*TO DO*: The task calls for each record to be given again unchanged, minus any pictures.

Records drawn from a dataset
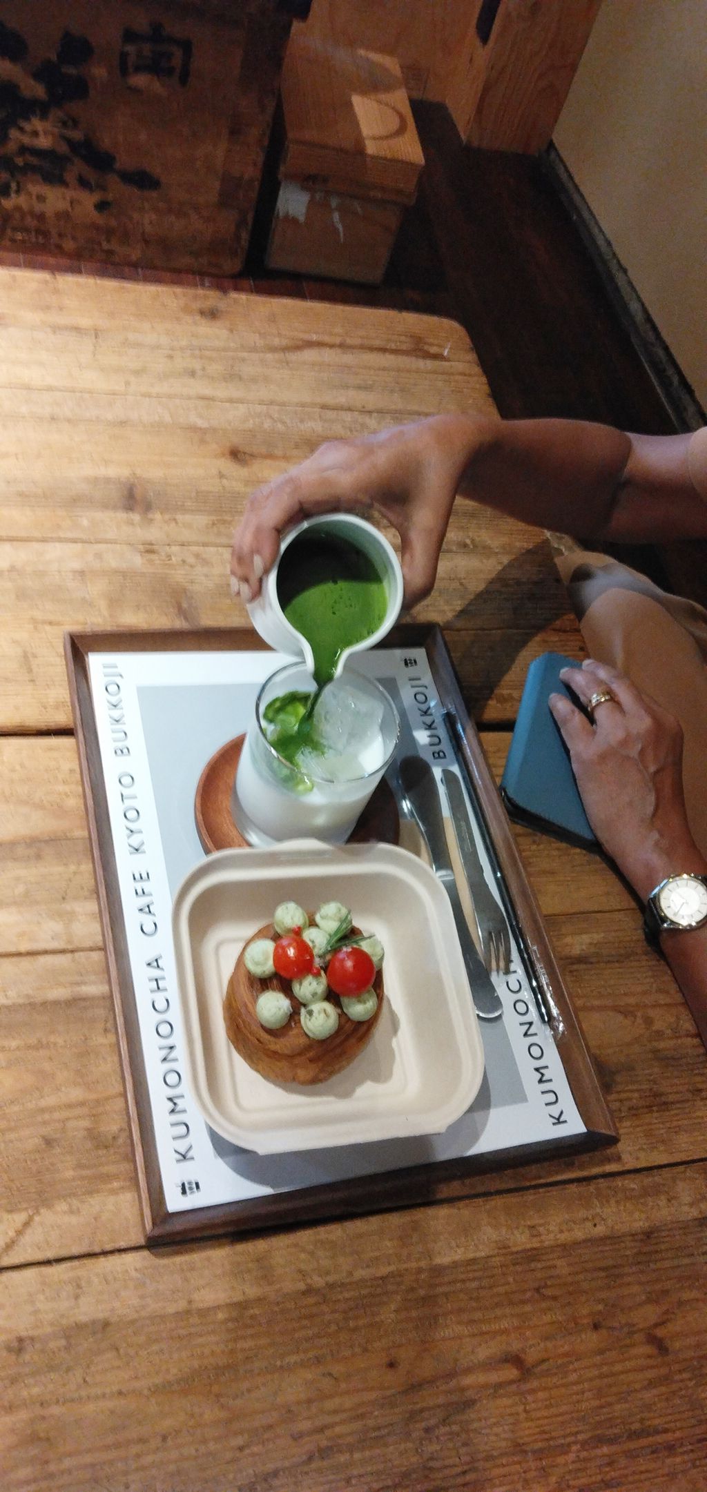 Later, I took a break at one of Kyoto’s beautiful cafes. The ancient city of 1.1 million people restricts high buildings, so most cafes and restaurants are located in old wooden houses containing heavy wooden beams and low ceilings. Matcha–powdered green tea–now popular around the world—actually originated in Kyoto. My cold matcha latte served at the Kumonocha cafe contained a glass of hot, thick matcha that I mixed with iced milk. Sipping the drink while seated on a wooden bench, I savored the perfect blend of bitter and sweet, a Japanese aesthetic highlighting the contrasts in our lives. Nice!
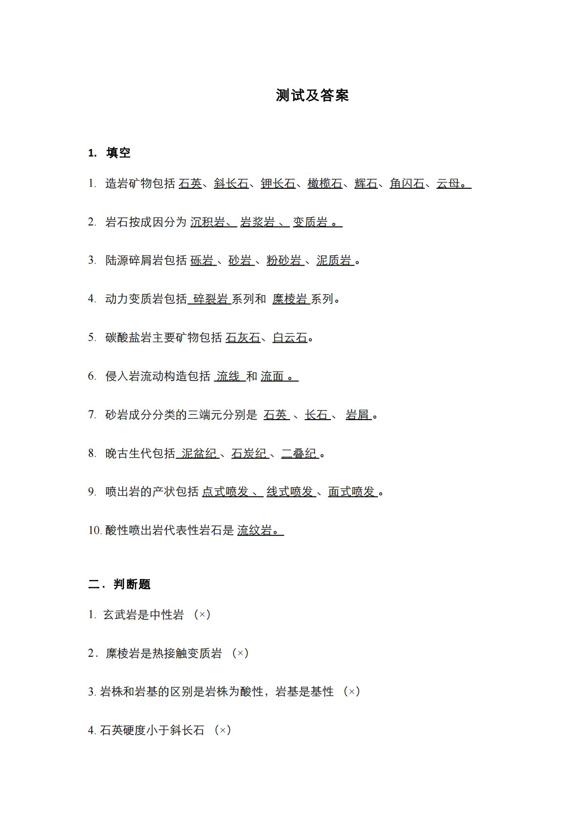 1.填空1.造岩矿物包括石英、斜长石、钾长石、橄榄石、辉石、角闪石、云母。2.岩石按成因分为沉积岩、岩浆岩、变质岩。3.陆源碎屑岩包括砾岩、砂岩、粉砂岩、泥质岩。4.动力变质岩包括碎裂岩系列和糜棱岩系列。5.碳酸盐岩主要矿物包括石灰石、白云石。6.侵入岩流动构造包括流线和流面。7.砂岩成分分类的三端元分别是石英、长石、岩屑。8.晚古生代包括泥盆纪、石炭纪、二叠纪。9.喷出岩的产状包括点式喷发、线式喷发、面式喷发。10.酸性喷出岩代表性岩石是流纹岩。²âÊÔ¼°答案二.判断题1.玄武岩是中性岩(×)2.糜棱岩是热接触变质岩(×)3.岩株和岩基的区别是岩株为酸性,岩基是基性(×)4.石英硬度小于斜...
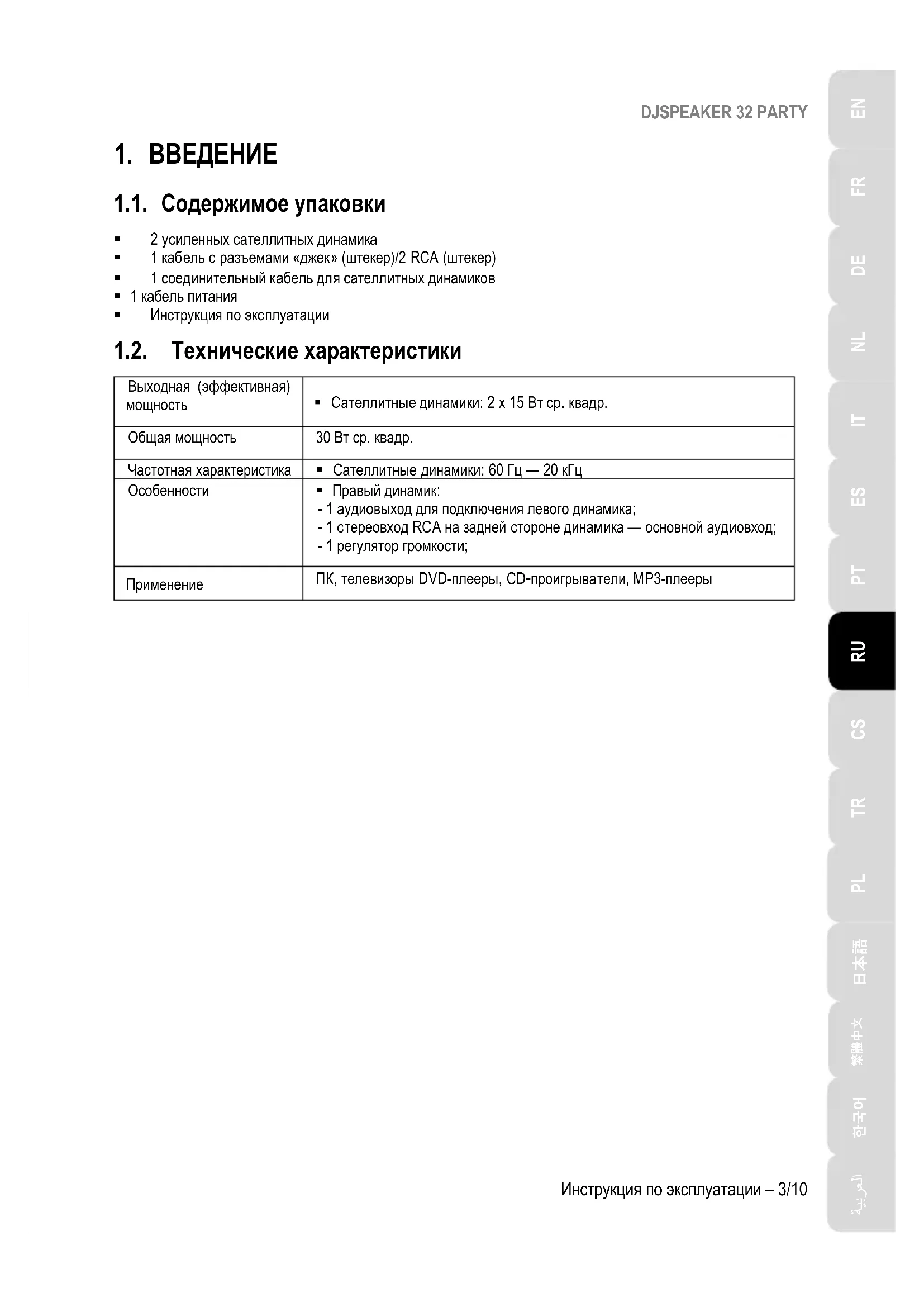 ﺔﯿﺑﺮﻌﻟاDJSPEAKER 32 PARTY 2/10 – Инструкция по эксплуатации
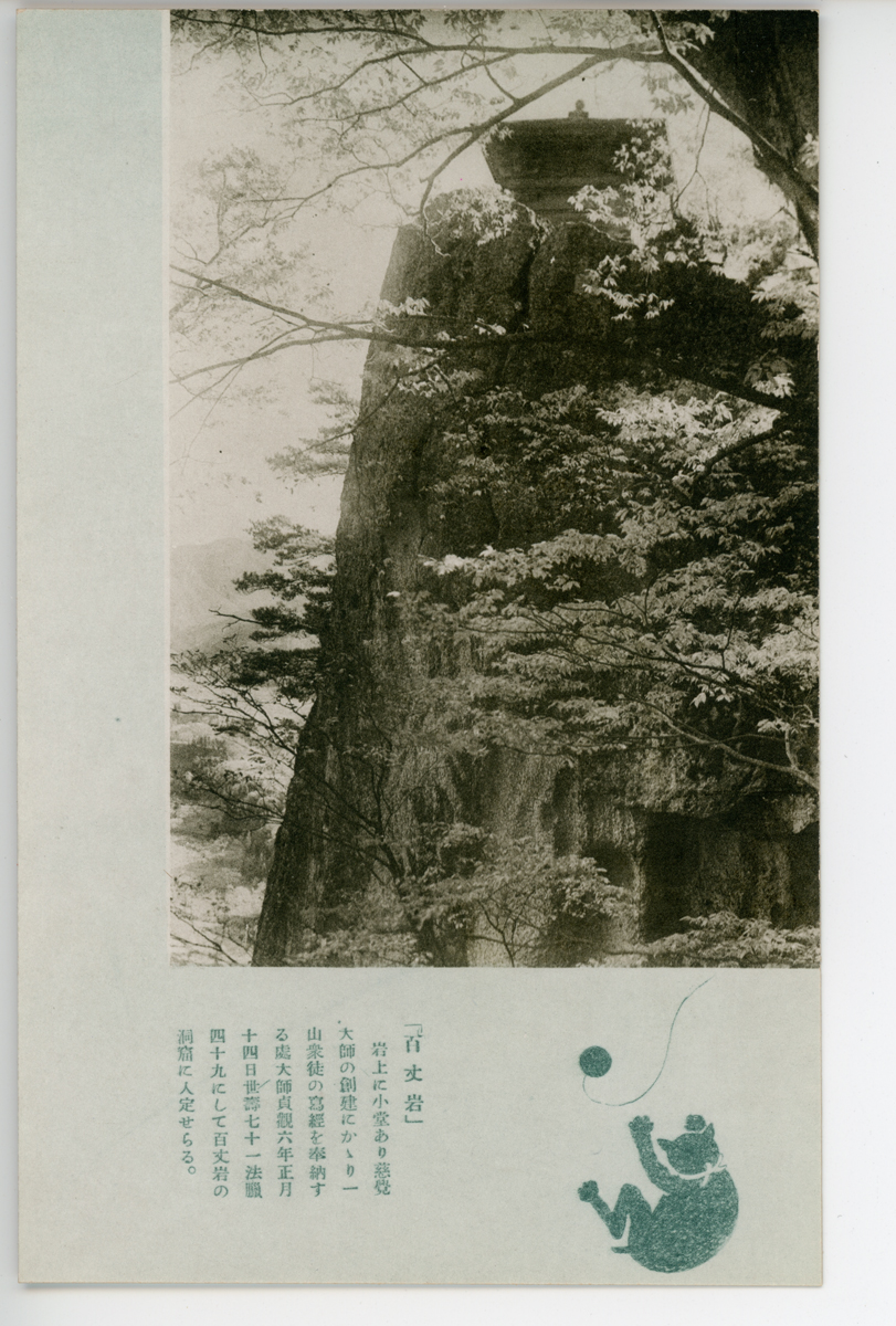 〔絵葉書〕「百丈岩」岩上に小堂あり慈覚大師の創建にかゝり一山宗徒の寫經を奉納する處大師貞観六年正月十四日世壽七十一年法臘四十九に…
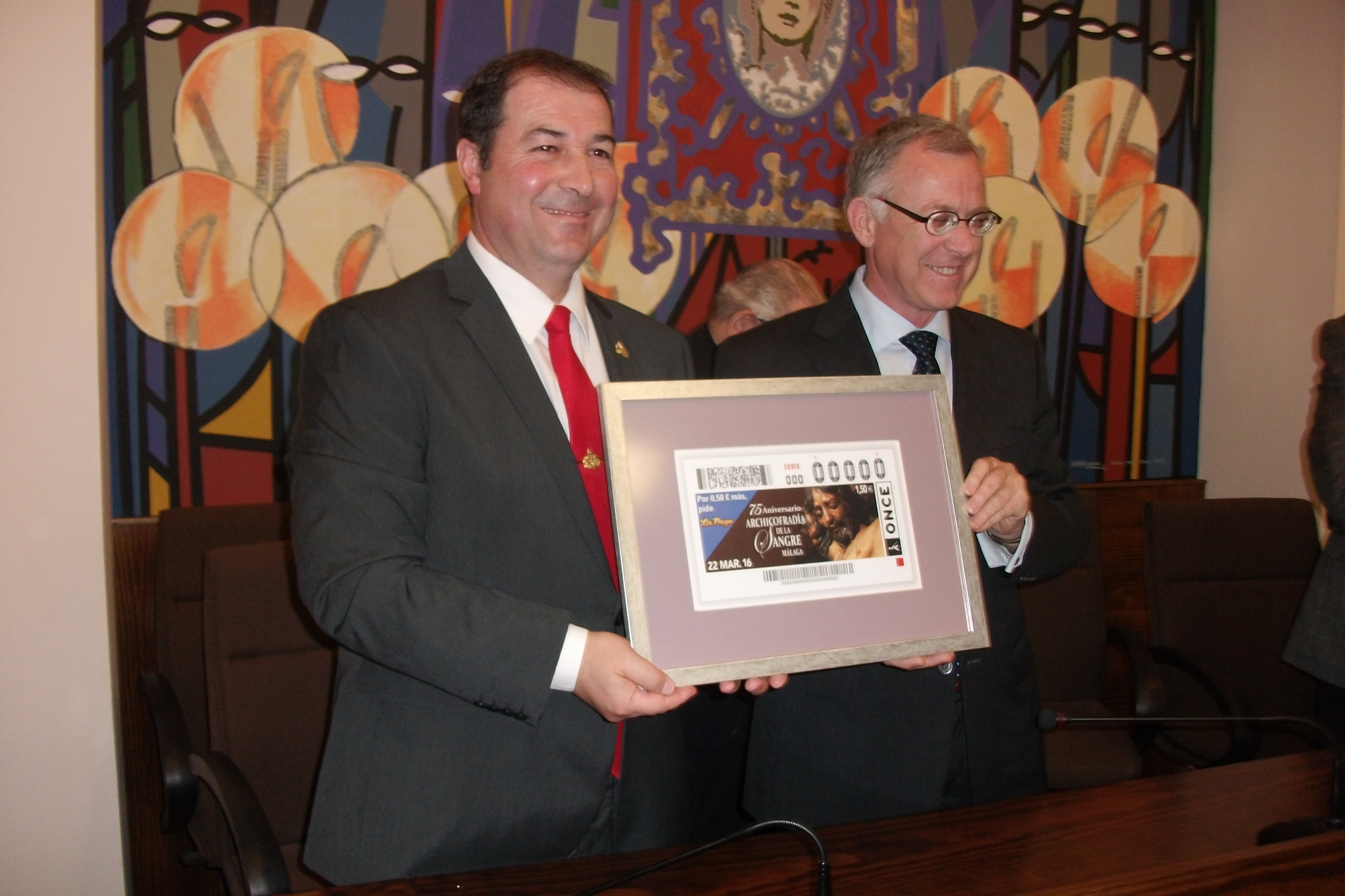 El director de la ONCE en Málaga y el hermano mayor de la Archicofradía de la Sangre presentando la imagen del cupón

*EXERCISE RESULT*:
 Later, I took a break at one of Kyoto’s beautiful cafes. The ancient city of 1.1 million people restricts high buildings, so most cafes and restaurants are located in old wooden houses containing heavy wooden beams and low ceilings. Matcha–powdered green tea–now popular around the world—actually originated in Kyoto. My cold matcha latte served at the Kumonocha cafe contained a glass of hot, thick matcha that I mixed with iced milk. Sipping the drink while seated on a wooden bench, I savored the perfect blend of bitter and sweet, a Japanese aesthetic highlighting the contrasts in our lives. Nice!
 1.填空1.造岩矿物包括石英、斜长石、钾长石、橄榄石、辉石、角闪石、云母。2.岩石按成因分为沉积岩、岩浆岩、变质岩。3.陆源碎屑岩包括砾岩、砂岩、粉砂岩、泥质岩。4.动力变质岩包括碎裂岩系列和糜棱岩系列。5.碳酸盐岩主要矿物包括石灰石、白云石。6.侵入岩流动构造包括流线和流面。7.砂岩成分分类的三端元分别是石英、长石、岩屑。8.晚古生代包括泥盆纪、石炭纪、二叠纪。9.喷出岩的产状包括点式喷发、线式喷发、面式喷发。10.酸性喷出岩代表性岩石是流纹岩。²âÊÔ¼°答案二.判断题1.玄武岩是中性岩(×)2.糜棱岩是热接触变质岩(×)3.岩株和岩基的区别是岩株为酸性,岩基是基性(×)4.石英硬度小于斜...
 ﺔﯿﺑﺮﻌﻟاDJSPEAKER 32 PARTY 2/10 – Инструкция по эксплуатации
 〔絵葉書〕「百丈岩」岩上に小堂あり慈覚大師の創建にかゝり一山宗徒の寫經を奉納する處大師貞観六年正月十四日世壽七十一年法臘四十九に…
 El director de la ONCE en Málaga y el hermano mayor de la Archicofradía de la Sangre presentando la imagen del cupón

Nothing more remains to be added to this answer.